* _GIVEN RECORDS_:
· · · · · · ·

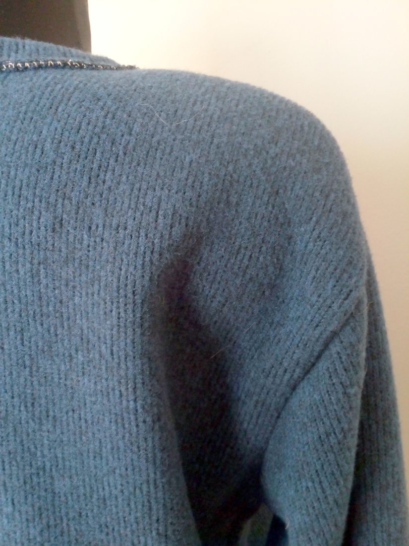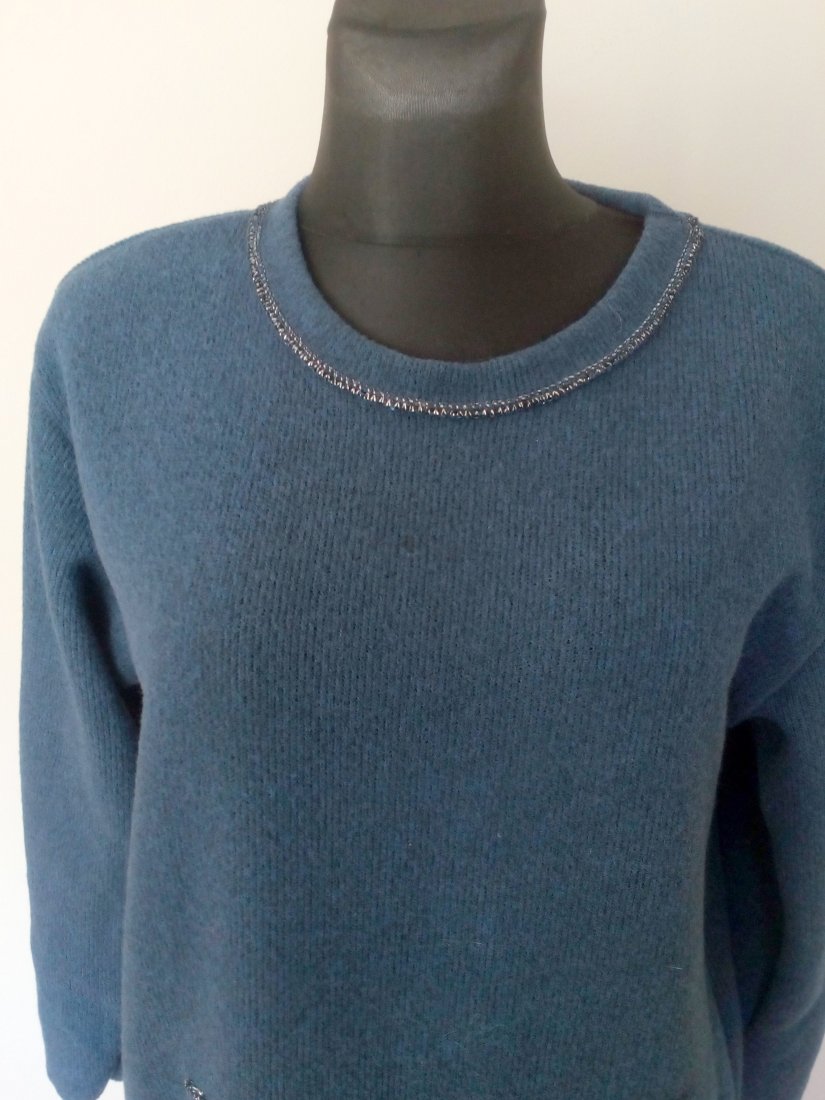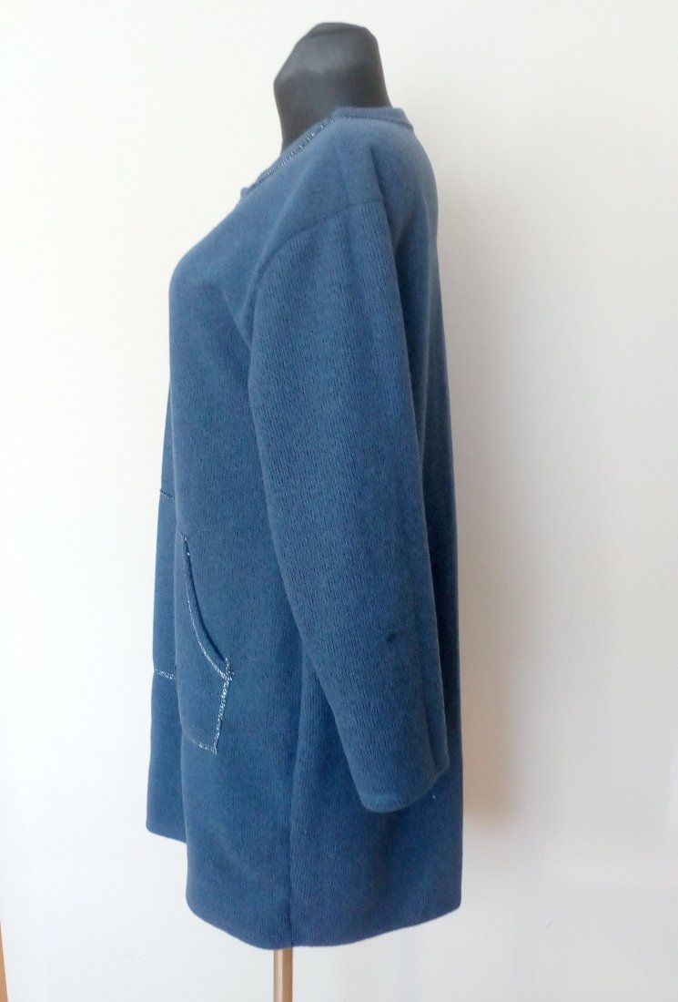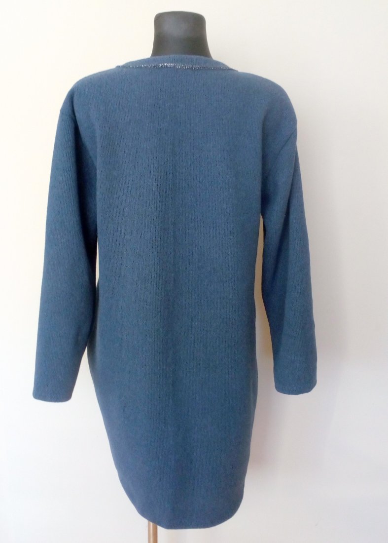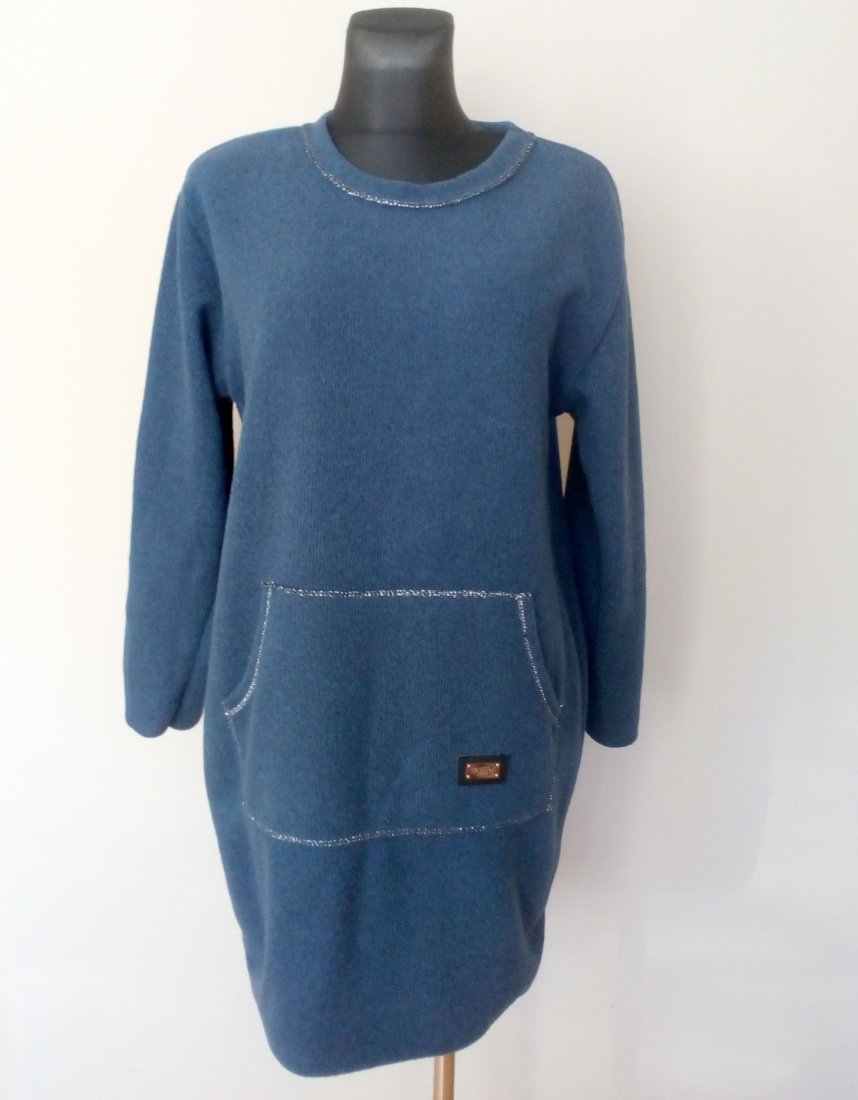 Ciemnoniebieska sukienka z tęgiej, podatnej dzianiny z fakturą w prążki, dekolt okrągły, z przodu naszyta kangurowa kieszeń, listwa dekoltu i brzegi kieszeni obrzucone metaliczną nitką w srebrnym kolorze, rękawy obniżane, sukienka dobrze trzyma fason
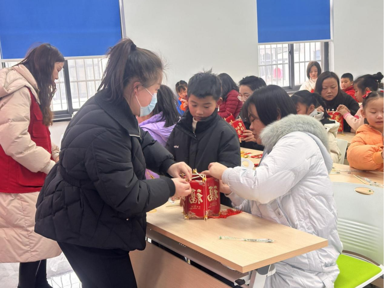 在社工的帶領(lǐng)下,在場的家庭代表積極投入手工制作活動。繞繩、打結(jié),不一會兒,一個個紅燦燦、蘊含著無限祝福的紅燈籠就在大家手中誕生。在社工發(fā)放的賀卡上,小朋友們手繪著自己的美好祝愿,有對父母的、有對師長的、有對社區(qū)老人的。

· · · · · · ·

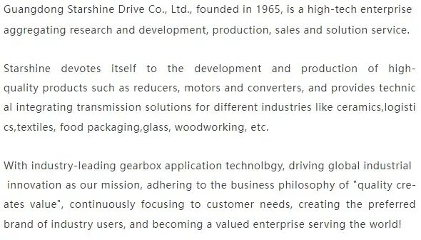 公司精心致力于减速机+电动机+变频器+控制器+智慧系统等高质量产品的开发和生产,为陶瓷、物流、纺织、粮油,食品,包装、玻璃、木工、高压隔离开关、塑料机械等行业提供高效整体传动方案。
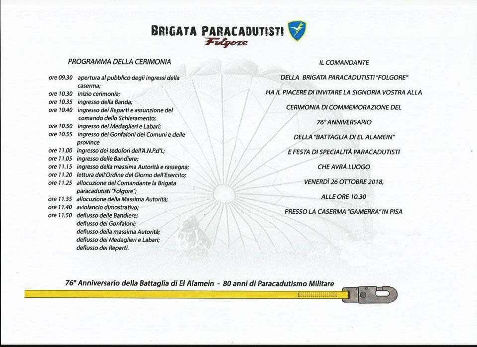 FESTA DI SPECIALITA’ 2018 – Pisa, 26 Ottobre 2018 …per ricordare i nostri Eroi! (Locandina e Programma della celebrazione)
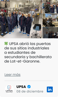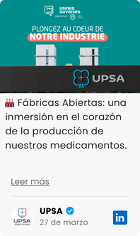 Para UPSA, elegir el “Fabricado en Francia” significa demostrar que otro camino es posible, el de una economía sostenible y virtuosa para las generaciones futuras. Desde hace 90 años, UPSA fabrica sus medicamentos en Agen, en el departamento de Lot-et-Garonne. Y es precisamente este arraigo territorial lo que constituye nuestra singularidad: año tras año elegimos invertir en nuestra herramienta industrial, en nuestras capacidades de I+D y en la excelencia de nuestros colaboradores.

· · · · · · ·

* _WORK INSTRUCTIONS_: Start with the line above containing "FESTA DI SPECIALITA’" and end with the line containing "Para UPSA, elegir". Set down that stretch exactly, without any pictures.

* _RESPONSE BOX_:
 FESTA DI SPECIALITA’ 2018 – Pisa, 26 Ottobre 2018 …per ricordare i nostri Eroi! (Locandina e Programma della celebrazione)
 Para UPSA, elegir el “Fabricado en Francia” significa demostrar que otro camino es posible, el de una economía sostenible y virtuosa para las generaciones futuras. Desde hace 90 años, UPSA fabrica sus medicamentos en Agen, en el departamento de Lot-et-Garonne. Y es precisamente este arraigo territorial lo que constituye nuestra singularidad: año tras año elegimos invertir en nuestra herramienta industrial, en nuestras capacidades de I+D y en la excelencia de nuestros colaboradores.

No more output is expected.